=== WORK ITEM ===
Exact repetition of a range: find the line containing "Beschreibung der Färbung" and the line containing "Metallic wheelbarrow black" in the material below, then repeat both and all lines between them, leaving pictures out.

=== DATA ===

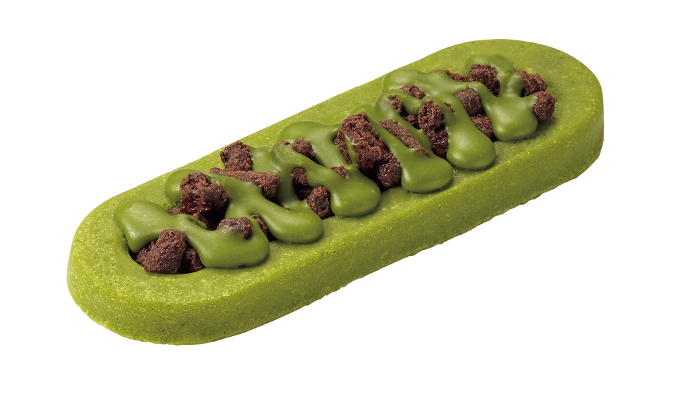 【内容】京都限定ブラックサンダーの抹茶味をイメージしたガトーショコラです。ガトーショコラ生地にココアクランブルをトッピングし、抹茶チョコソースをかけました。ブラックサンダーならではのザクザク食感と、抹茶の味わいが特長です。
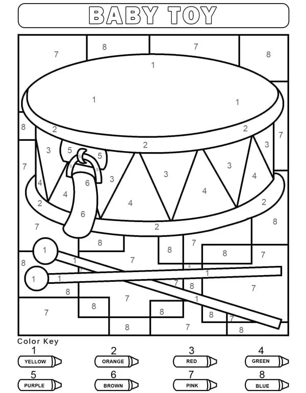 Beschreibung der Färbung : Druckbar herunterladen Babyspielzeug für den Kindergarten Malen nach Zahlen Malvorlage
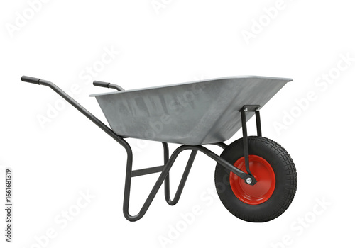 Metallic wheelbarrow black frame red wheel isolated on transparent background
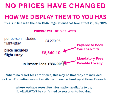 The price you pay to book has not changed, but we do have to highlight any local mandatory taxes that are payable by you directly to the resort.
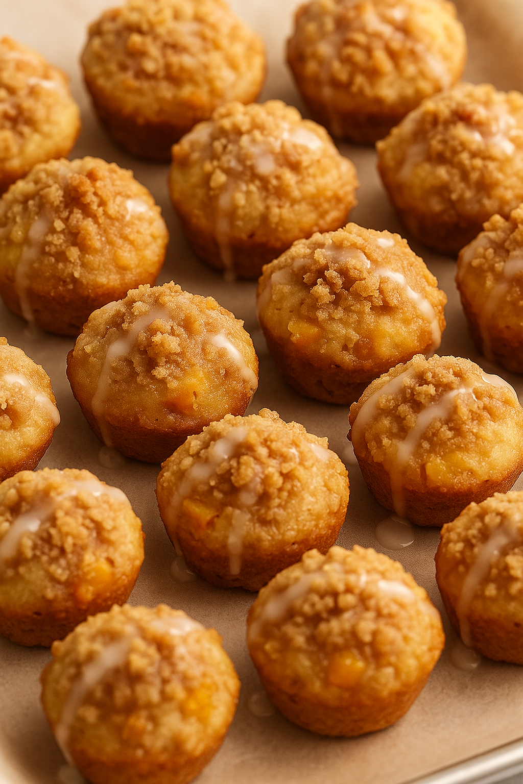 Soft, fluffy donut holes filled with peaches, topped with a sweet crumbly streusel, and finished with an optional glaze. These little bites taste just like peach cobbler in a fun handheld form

=== SOLUTION FOR THIS EXERCISE ===
 Beschreibung der Färbung : Druckbar herunterladen Babyspielzeug für den Kindergarten Malen nach Zahlen Malvorlage
 Metallic wheelbarrow black frame red wheel isolated on transparent background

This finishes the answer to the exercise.